[AIM OF THE EXERCISE]: An exact restatement of the data is required, with the images omitted.

___ DATA PROVIDED

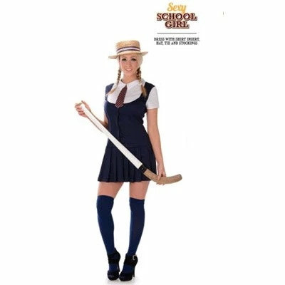 Sexy School Girl dress with shirt insert, Straw Hat, Tie and Stockings.
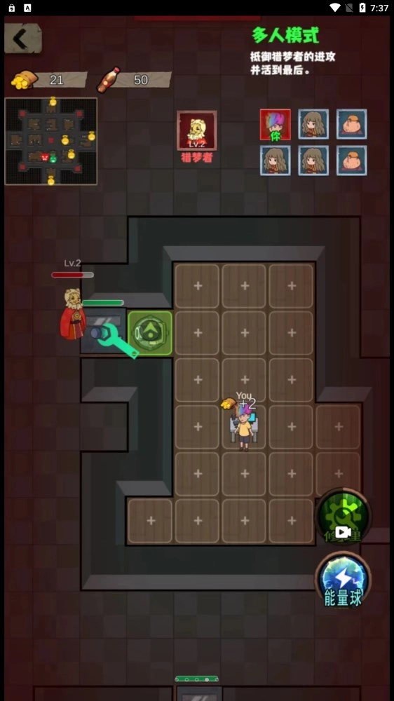 4、玩家既能操控人类角色,在电脑桌前搭建炮台,抵御入侵的猛鬼猎梦者。
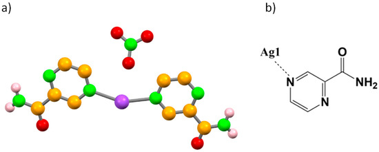 The asymmetric unit of 3 was composed by a half Ag(I) metal center, one pyrazinamide molecule and half a non-coordinated nitrate. The Ag(I) metal center assumed a distorted linear geometry (N-Ag-N 154.1(3) °) coordinating to two pyrazinamide ligands by the pyrazine-N atom (2.230(5) Å) and giving rise to [Ag(PYR)2]+ ions (Figure 9a,b and Table S3).

______

[OUTPUT FOR THIS EXERCISE]:
 Sexy School Girl dress with shirt insert, Straw Hat, Tie and Stockings.
 4、玩家既能操控人类角色,在电脑桌前搭建炮台,抵御入侵的猛鬼猎梦者。
 The asymmetric unit of 3 was composed by a half Ag(I) metal center, one pyrazinamide molecule and half a non-coordinated nitrate. The Ag(I) metal center assumed a distorted linear geometry (N-Ag-N 154.1(3) °) coordinating to two pyrazinamide ligands by the pyrazine-N atom (2.230(5) Å) and giving rise to [Ag(PYR)2]+ ions (Figure 9a,b and Table S3).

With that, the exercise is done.